带有列表列表的数据框如何将每一行分解为列-pyspark
How can dataframe with list of lists can be explode each line as columns - pyspark
我有如下数据框
--------------------+
| pas1|
+--------------------+
|[[[[H, 5, 16, 201...|
|[, 1956-09-22, AD...|
|[, 1961-03-19, AD...|
|[, 1962-02-09, AD...|
+--------------------+
想要从以上 4 行的每一行中提取几列并创建如下所示的数据框。列名应该来自架构而不是像 column1 和 column2 这样的硬编码。
---------|-----------+
| gender | givenName |
+--------|-----------+
| a | b |
| a | b |
| a | b |
| a | b |
+--------------------+
pas1 - schema
root
|-- pas1: struct (nullable = true)
| |-- contactList: struct (nullable = true)
| | |-- contact: array (nullable = true)
| | | |-- element: struct (containsNull = true)
| | | | |-- contactTypeCode: string (nullable = true)
| | | | |-- contactMediumTypeCode: string (nullable = true)

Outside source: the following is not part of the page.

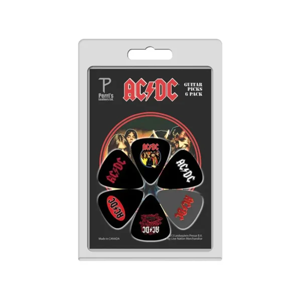 Pack de 6 uñetas de AC/DC, con diseños de algunos de sus logos tomados de diferentes álbums.

| | | | |-- contactTypeID: string (nullable = true)
| | | | |-- lastUpdateTimestamp: string (nullable = true)
| | | | |-- contactInformation: string (nullable = true)

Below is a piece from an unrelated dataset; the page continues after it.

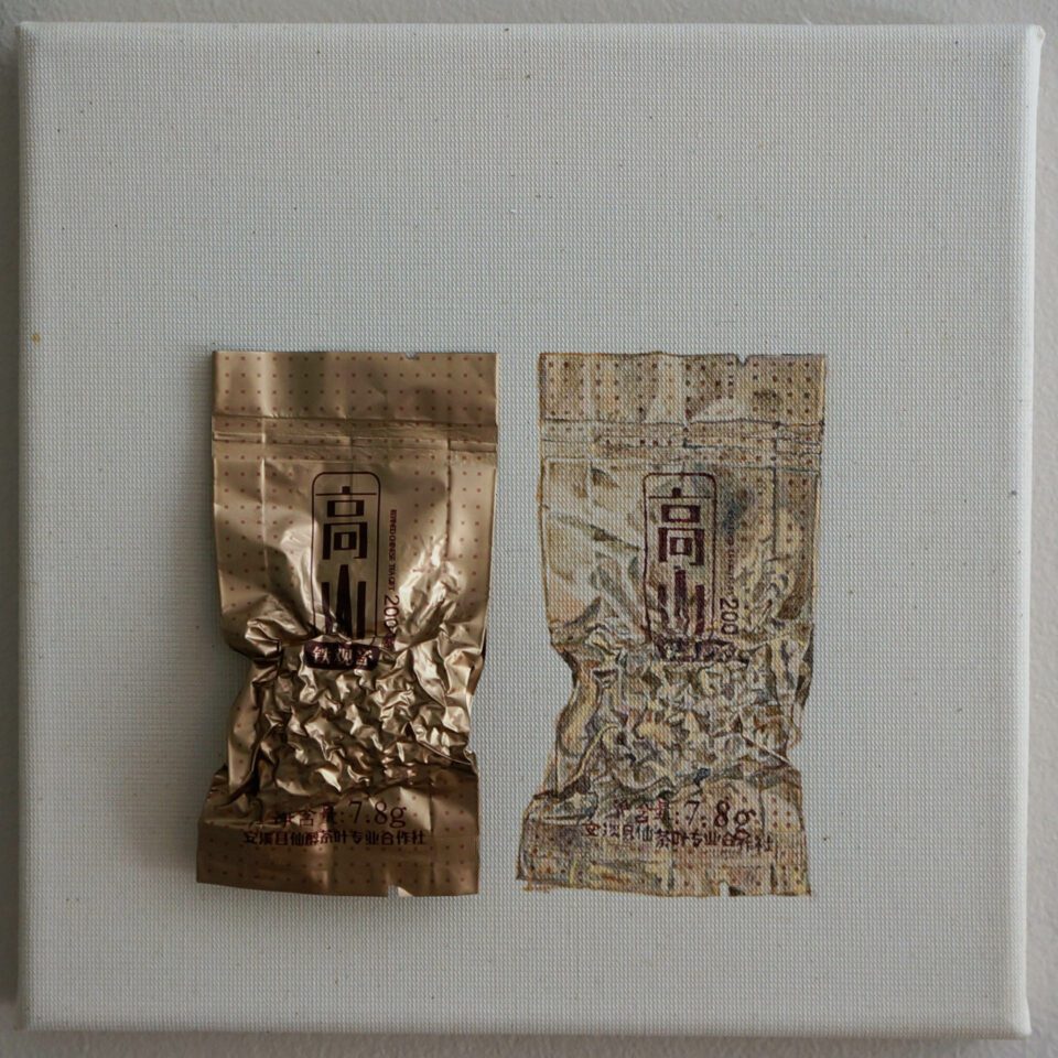 Image Credit: Olga Woszczyna, Oolong Tea, (2021). Ink on canvas and readymade. 20cm x 20cm x 2cm.

| |-- dateOfBirth: string (nullable = true)
| |-- farePassengerTypeCode: string (nullable = true)
| |-- gender: string (nullable = true)
| |-- givenName: string (nullable = true)
| |-- groupDepositIndicator: string (nullable = true)

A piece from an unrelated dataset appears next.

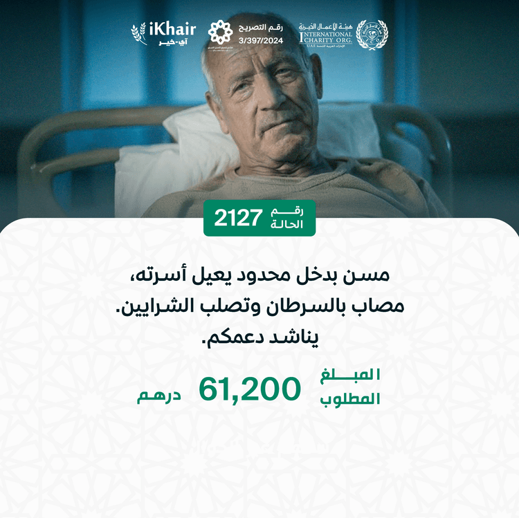 مُسن أتعبته آلام مرض السرطان وبحاجة لعلاج يُخفف معاناته، الأسرة شبه معدومة الدخل وليس له بعد الله

| |-- infantIndicator: string (nullable = true)
| |-- lastUpdateTimestamp: string (nullable = true)
| |-- passengerFOPList: struct (nullable = true)
| | |-- passengerFOP: struct (nullable = true)
| | | |-- fopID: string (nullable = true)
| | | |-- lastUpdateTimestamp: string (nullable = true)
| | | |-- fopFreeText: string (nullable = true)
| | | |-- fopSupplementaryInfoList: struct (nullable = true)
| | | | |-- fopSupplementaryInfo: array (nullable = true)
| | | | | |-- element: struct (containsNull = true)
| | | | | | |-- type: string (nullable = true)
| | | | | | |-- value: string (nullable = true)
感谢帮助
如果你想从包含结构的数据框中提取几列,你可以简单地做这样的事情:
from pyspark.sql import SparkSession,Row
spark = SparkSession.builder.appName('Test').getOrCreate()
df = spark.sparkContext.parallelize([Row(pas1=Row(gender='a', givenName='b'))]).toDF()
df.select('pas1.gender','pas1.givenName').show()
相反,如果您想展平数据框,这个问题应该对您有所帮助:
我有如下数据框
--------------------+
| pas1|
+--------------------+
|[[[[H, 5, 16, 201...|
|[, 1956-09-22, AD...|
|[, 1961-03-19, AD...|
|[, 1962-02-09, AD...|
+--------------------+
想要从以上 4 行的每一行中提取几列并创建如下所示的数据框。列名应该来自架构而不是像 column1 和 column2 这样的硬编码。
---------|-----------+
| gender | givenName |
+--------|-----------+
| a | b |
| a | b |
| a | b |
| a | b |
+--------------------+
pas1 - schema
root
|-- pas1: struct (nullable = true)
| |-- contactList: struct (nullable = true)
| | |-- contact: array (nullable = true)
| | | |-- element: struct (containsNull = true)
| | | | |-- contactTypeCode: string (nullable = true)
| | | | |-- contactMediumTypeCode: string (nullable = true)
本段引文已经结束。